### TASK PROMPT
Each line of the material must be reproduced exactly; pictures stay out.

### INFORMATION PROVIDED
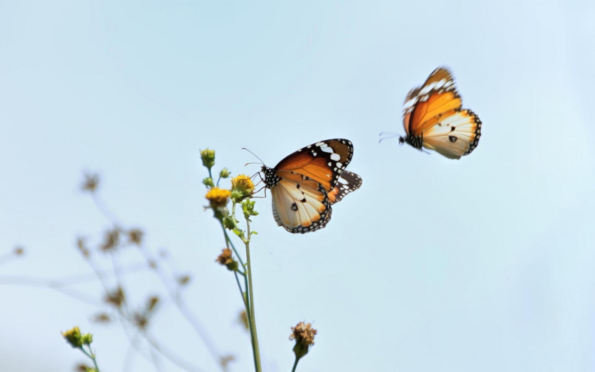 Wallpaper Two butterflies flew to flower
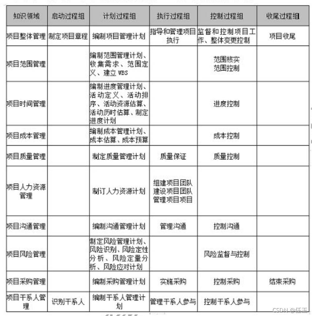 以上所有的管理并不是孤立的,而是彼此相关的。下面这是根据项目管理5个过程组来划分的对应管理的过程位置。
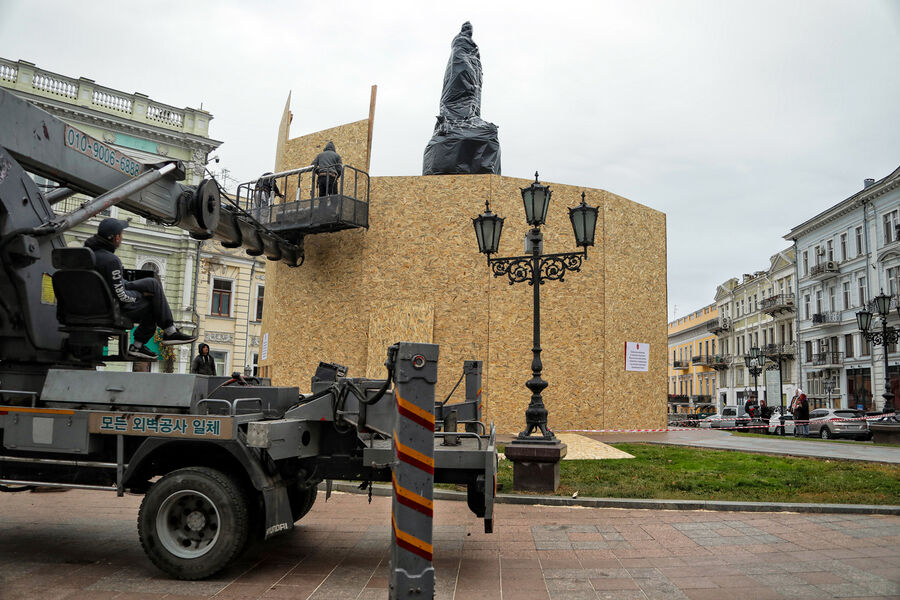 «В Одессе с утра приступили к демонтажу памятника российской императрице Екатерине II. Подъехать к площади невозможно, там все перекрыли и не пропускают», — говорится в сообщении.
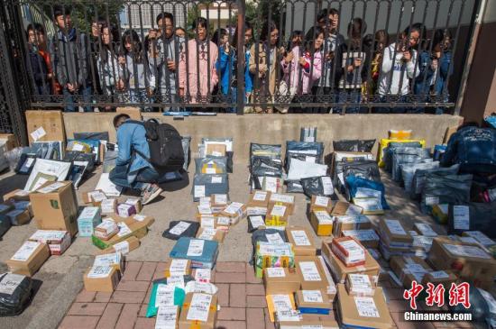 眾多學(xué)生隔著柵欄排隊(duì)等候收取快遞(資料圖)。武俊杰 攝

### ANSWER AREA
 Wallpaper Two butterflies flew to flower
 以上所有的管理并不是孤立的,而是彼此相关的。下面这是根据项目管理5个过程组来划分的对应管理的过程位置。
 «В Одессе с утра приступили к демонтажу памятника российской императрице Екатерине II. Подъехать к площади невозможно, там все перекрыли и не пропускают», — говорится в сообщении.
 眾多學(xué)生隔著柵欄排隊(duì)等候收取快遞(資料圖)。武俊杰 攝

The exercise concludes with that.